4. Redesign conservatively.
   - Copy locked values exactly. If a friendlier interpretation helps, add it next to the original value instead of replacing it.
   - Keep original headers and issuing-agency text visible unless the user explicitly asks to remove them.
   - Never let icons, labels, captions, seals, or decorative elements share the same visual space as values. Give every ID, date, time, amount, and name its own stable box or row with enough width for the longest expected value.
   - Preserve QR/barcode/logo/seal/signature/stamp images exactly. Do not recreate, recolor, crop, filter, blur, or trace them.
   - Use clear labels so the reader does not infer meaning from raw tables.
   - Use color semantically: strong header color for identity, green or similar for paid/success/total, amber for warnings/arrival/deadlines, neutral body text.
   - Use small icons only as scanning aids, never as a replacement for visible text labels.
   - Keep typography readable and print-safe. Use stable page dimensions, margins, and spacing.

5. Validate before delivery.
   - Render the final PDF to images and inspect every page.
   - Check all locked values from the preservation list are present exactly.
   - Confirm machine-readable assets are visible and unchanged from the source.
   - Confirm no text is clipped, overlapping, too low contrast, or ambiguous.
   - Compare a rendered image of the source and a rendered image of the final PDF visually. Ask the active vision-capable model, a reviewer, or the user-facing LLM view to identify any discrepancy in names, IDs, dates, times, amounts, table values, barcode/QR visibility, and label meaning.
   - Treat any collision, clipped value, ambiguous relabeling, or missing machine-readable asset as a blocking failure even when text extraction says the value is present.
   - Read `references/quality-checklist.md` for a fuller final pass on sensitive PDFs.

## Output Expectations

Deliver a final redesigned PDF when the user asks for a transformed file. If helpful, also provide the HTML/source artifact used to render it.

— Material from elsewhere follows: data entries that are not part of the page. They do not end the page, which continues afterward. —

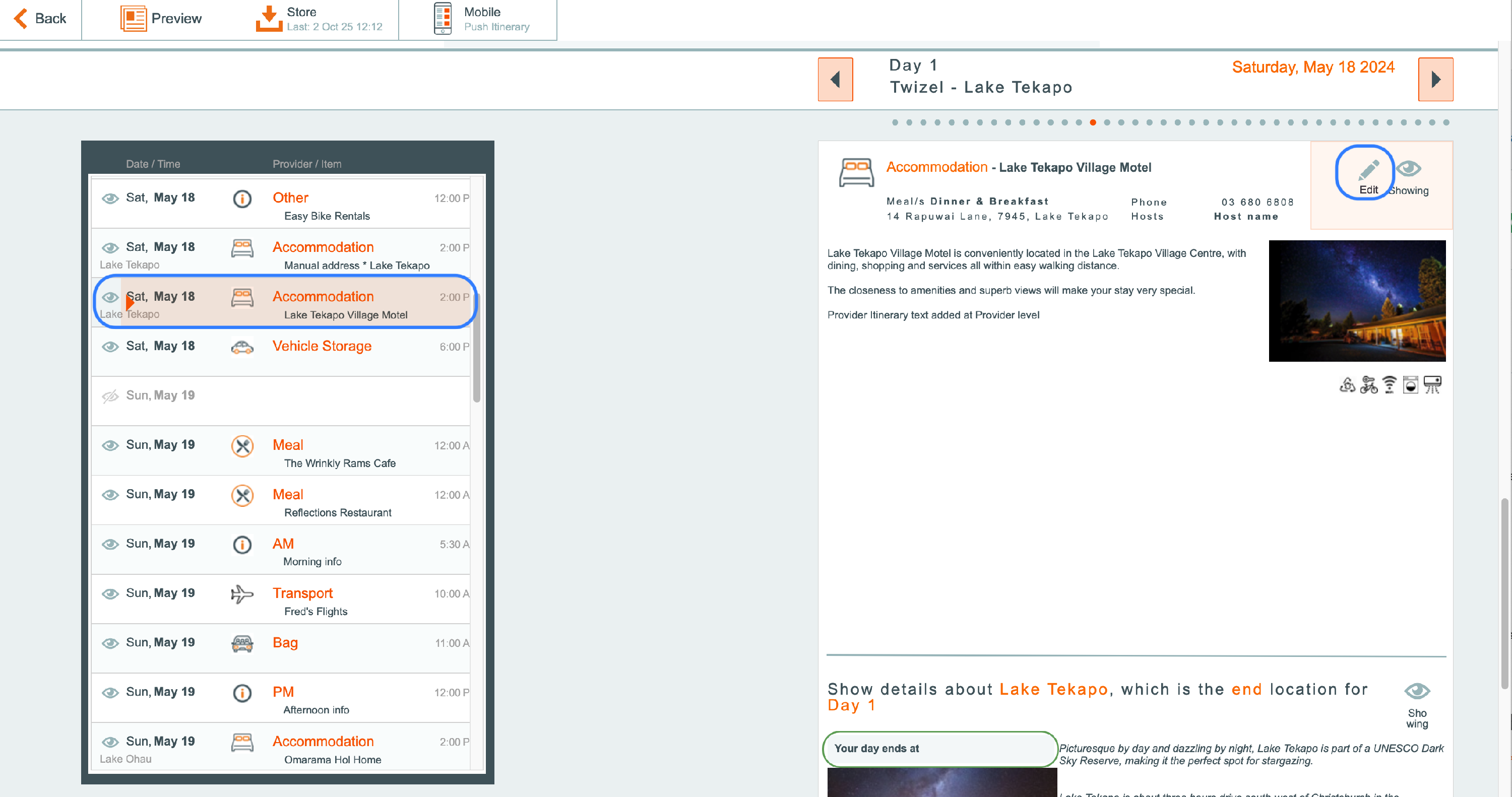 - the timeline is a scrollable list of each record in the carousel. If an item turned on, it will be listed in orange, if it's turned off, it will be in grey, and the show icon will be struck out. Each night's accommodation will also display the end of day daily location, to help you navigate your way.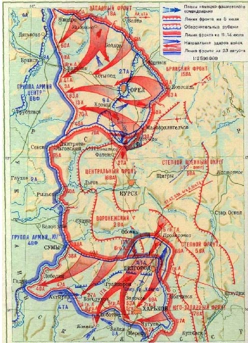 Центральный (северный участок Курского выступа, командующий – Константин Рокоссовский), Воронежский (южный участок – Николай Ватутин) и Степной фронт (резервный – Иван Конев).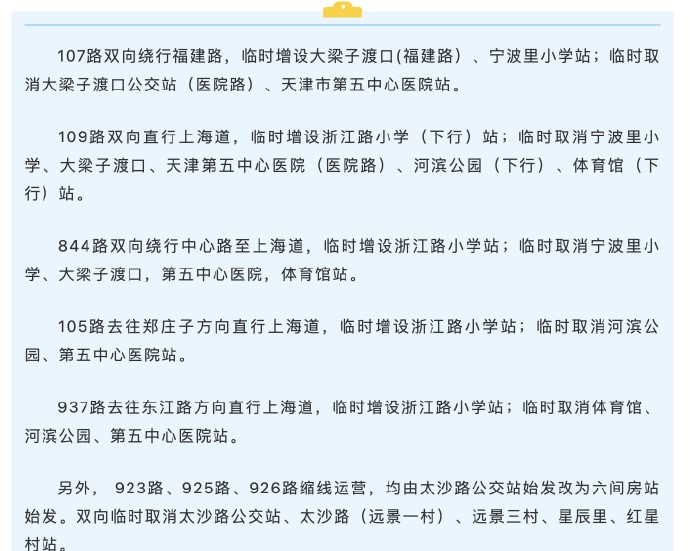从滨海新区公交集团了解到,受施工影响,道路交通导行有调整,滨海多条公交线路有调整,请市民注意站点变化。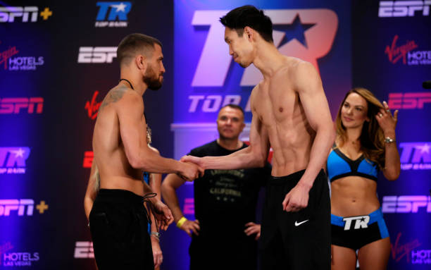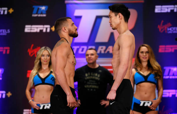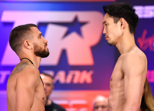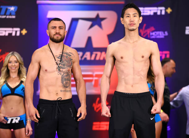 散打 前WBA、WBO和IBF轻量级冠军瓦西里·洛马琴科(Vasiliy Lomachenko)与日本选手中谷正义(Masayoshi Nakatani)即将于北京时间6月27日在美国拉斯维加斯进行十二回合比赛,今天双方进行了赛前称重,洛马琴科体重134.6磅,中谷正义体重134.4磅。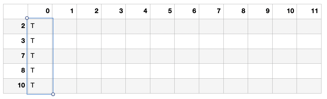 2, 3, 7, 8, 10을 0개씩 쓰면 합이 0이 될 수 있으므로 첫 줄을 다 T로 채워준다.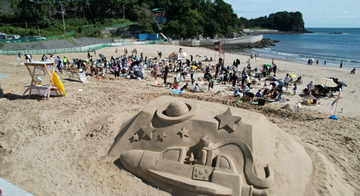 특히, 한국 최초의 모래조각가 김길만 작가가 ‘우주+가족’을 주제로 대형 모래조각을 선보이며 남일대 해변에 특별한 장관을 연출했다.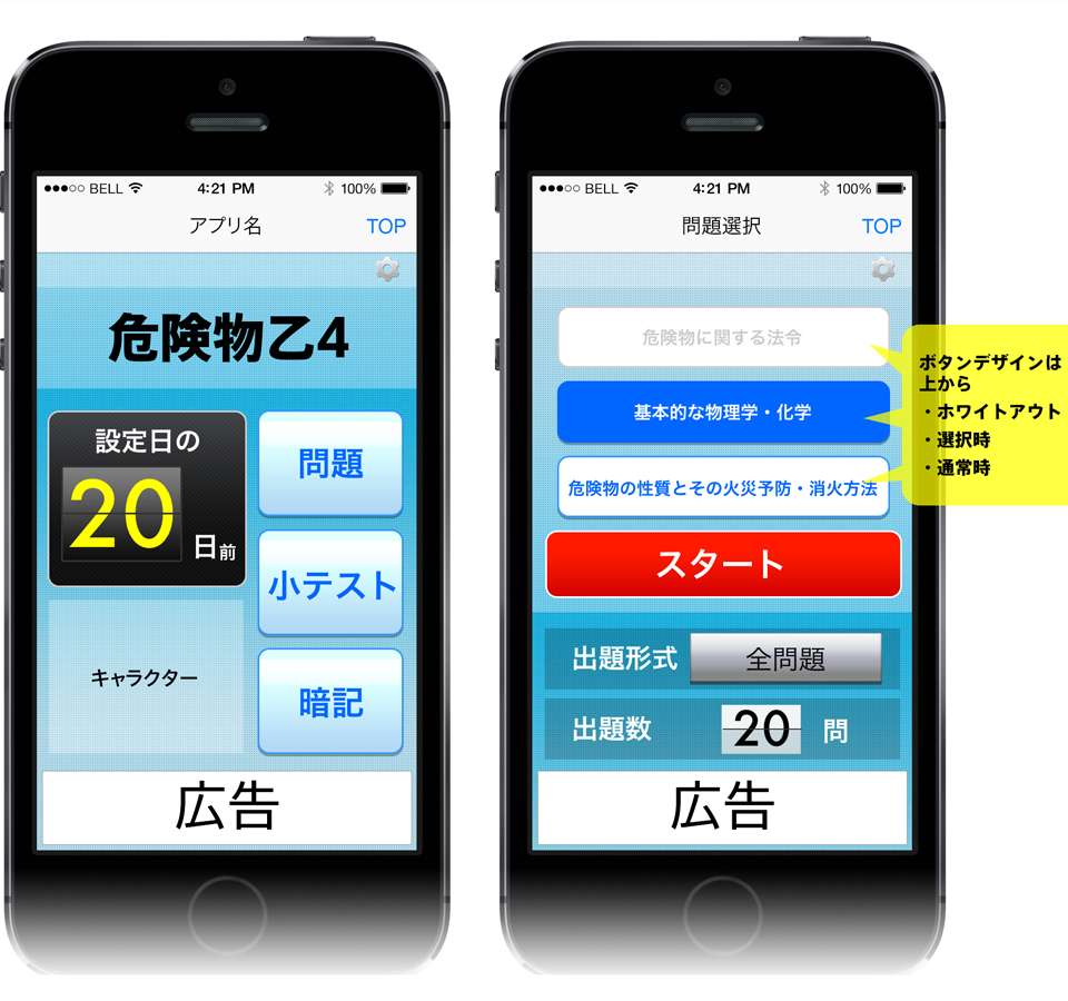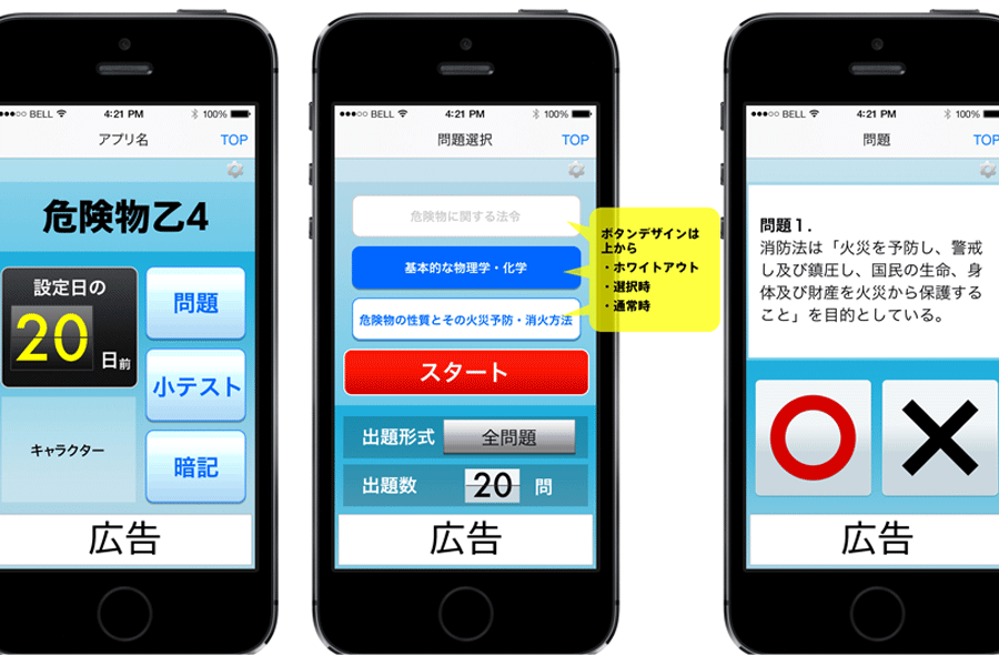 資格取得を目的にした模擬試験アプリのインターフェースをデザイン。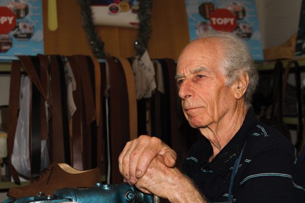 “My profession is the shoemaker. Start from nothing, prepare the leather and build the shoe. Years ago I would put a pair of shoes that I had made in the window and they would be sold that day. Now, no one buys handmade shoes like we used to make. In the beginning I made shoes here in my store but a few years ago there was a fire in my workshop and I lost all my tools. At my age, it doesn’t pay to replace everything, so I stopped making shoes.

In the final response, include:

- The final PDF path.
- Any supporting source path, if created.
- A short verification note naming the critical fields and machine-readable assets checked.
- A clear limitation if OCR, barcode decoding, or visual rendering could not be performed.

## Optional Helper

Use `scripts/pdf_guardrails.py` when you want a deterministic source manifest:

```bash
python scripts/pdf_guardrails.py input.pdf --out /tmp/prettify-pdf-check
```

It writes extracted text, critical-fact candidates, embedded image assets, and page renders. The script is optional and local-only; it does not call an external service.

## Design Rules

- Preserve exact source values before improving wording.
- Add helpful context without replacing original text: `10.00AM-11.00AM` can be paired with `1 hour appointment window`; keep both.
- Use summary cards for high-value fields, not for every field.
- Keep tables for line items, totals, transaction references, or structured data.
- Prefer system fonts unless the user provides a brand/type direction.
- Keep icons small, simple, and paired with text.
- Avoid decorative effects that reduce trust: heavy gradients, low-contrast text, blurred backgrounds, fake stamps, fake signatures, fake QR codes.
- Never invent missing fields. Omit unknown values or mark them only if the source explicitly marks them.

## Common Pitfalls

- A visually nicer PDF that loses the barcode is worse than the original.
- Reformatting IDs can break verification. Copy them exactly.
- "Cleaning up" timestamps, names, totals, or addresses can change meaning. Add a friendly hint beside the exact value instead.
- Relabeling an adjacent value can change identity. If the source label is unclear, keep the original label/value grouping instead of inventing a better-sounding label.
- Text extraction can pass while the PDF is visually wrong. Final acceptance depends on rendered-page inspection, not extraction alone.
- A beautiful hierarchy that hides the next action fails the task.
- If the source is scanned, OCR may be incomplete. Say so and visually verify the final result.